H. Minimal Examples (seed records)
ا (ʾalif)
- phoneme: /ʔ/, long ā carrier; joining: right_only; abjad: 1.
- diacritics: all harakāt; hamza carrier allowed (أ/إ/ؤ/ئ/ء).
- morph: article ال, verb patterns IV (أفعل).
- lineage: ʼaleph → alpha/A.
- examples: قال /qāla/ (mater ā), أمن (hamza on alif).
ق (qāf)
- phoneme: /q/ (dialectal /g/); joining: dual; abjad: 100.
- morph: frequent C1/C2 root; heavy in telecom/energy Arabic loanwords.
- lineage: qoph → koppa/Q.
و (wāw)
- phoneme: /w/; mater of ū/ō; joining: right_only; abjad: 6.
- morph: conjunction و “and”, plural patterns (ـون).
- hamza host: ؤ.
(When we mint, every letter gets a full record like this.)
I. Endpoints to Generate Later (OpenAPI sketch)
POST /arlm/verify→ text in Arabic →{ normalized, decision, graphemeIntegrity, confusabilityRisk, joiningReport }GET /arlm/inventory→ sanctioned letters and rules; accent/hamza table.POST /arlm/transliterate→ Arabic ⇄ Latin/Greek (lossless flags).POST /arlm/shape→ produce legal forms (isolated/initial/medial/final) with proofs.
Headers downstream:X-ArLM-JoinPolicy, X-ArLM-Normalized, X-ArLM-ConfusableRisk, X-Glyph-Status: ⌗|Ξ|∴.
J. How this plugs your stack (recursive fit)
- GLM: ArLM is GLM’s Arabic pack (scripts, joins, diacritics, normalization).
- MLM/ELM: roots and patterns consume ArLM’s join legality + mater rules.

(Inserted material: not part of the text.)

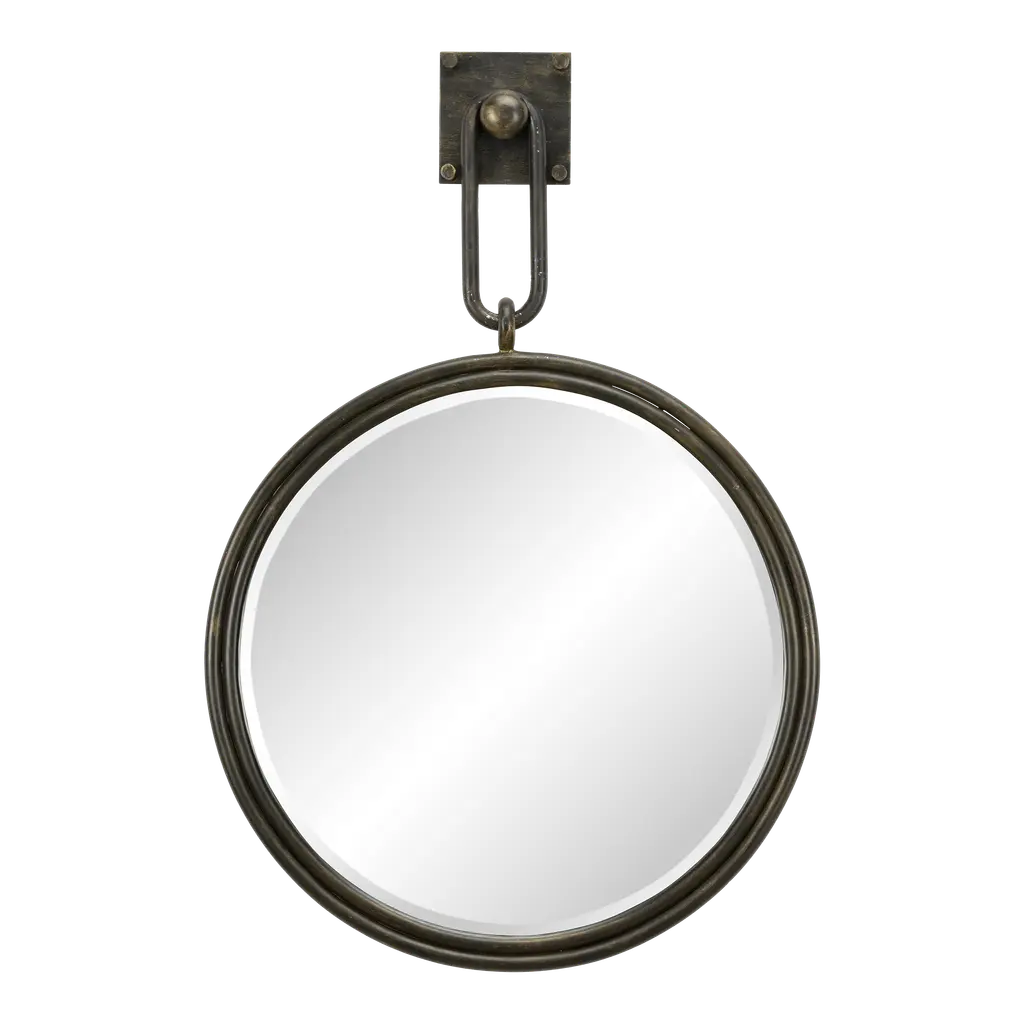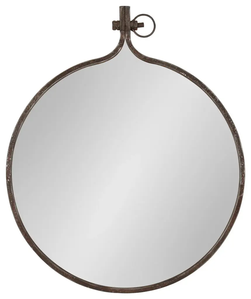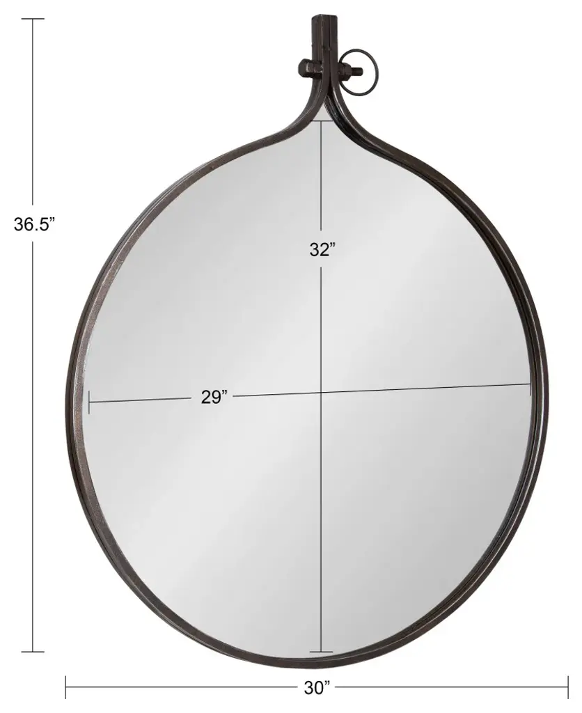 Embrace the industrial refinement of farmhouse decor by incorporating the beautiful Yitro mirror into your space. Inspired by vintage antiquity, the Yitro features a rustic iron frame in a round shape, with an ornamental, industrial clasp crown. The robust iron frame is perfect for capturing that timeless style and creating a bold focal point for the home. Adding a mirror to any space of your home maximizes the overall vibrancy, highlighting your light sources while making the room feel more dimensional. The Yitro is 30 inches wide by 1 inch deep by 36.5 inches tall, commanding attention with its large size. This mirror is fantastic for showcasing your farmhouse style in the living room, entryway, dining room, or bedroom decor. You could even use the large size as a rustic bathroom vanity mirror. The Yitro wall mirror is fantastic for making a statement on your mantle, over a console table, or above a neutral-tone couch. Hang this lovely accent mirror in only a matter of minutes with the sturdy and resilient keyhole hangers attached to the back of the frame. • RUSTIC LOOK: Indulge in beautiful farmhouse decor by incorporating this rustic-style accent, which features a round shape with an industrial, ornamental iron crown• QUALITY MATERIAL: This beautiful mirror features an iron frame with a robust, vintage finish that gives it that beautiful, timeless look of classic antiquity• LARGE SIZE: The Yitro is 30 inches wide by 1 inch deep by 36.5 inches tall, making it a commanding focal point for any room of the home• VERSATILE: Use this mirror as the crown jewel of your living room mantle, a rustic bathroom mirror, or a delightful feature in the entryway to add some vibrancy• EASY TO HANG: Robust keyhole hangers are attached to the back of the frame to ensure this metal mirror hangs securely on your wall

- SDM: senses differentiate homographs using diacritics/hamza provenance.
- ILM: lineage tables let you transpose to Hebrew/Greek/Phoenician/Latin teaching materials.
- PLM: channel policies (web, PDF, signage) enforce render portability.
- LM/logM: claims about transliteration, etymology, or safety ship with Proof Cards and receipts.
- ALM: uses ArLM checks before any Arabic-surface publication.
K. Acceptance Criteria (done = done)
- All 28 letters encoded with full records; auxiliary signs covered (hamza, tāʾ marbūṭa, alif maqṣūra, lam-alef).
/arlm/verifycatches illegal clusters, bidi hazards, and confusables; proposes safe remaps.- Transliteration round-trips where lossless; loss flagged where not.
- Morph hooks enable lawful root & pattern generation.
- Lineage map compiles; cross-script demos pass.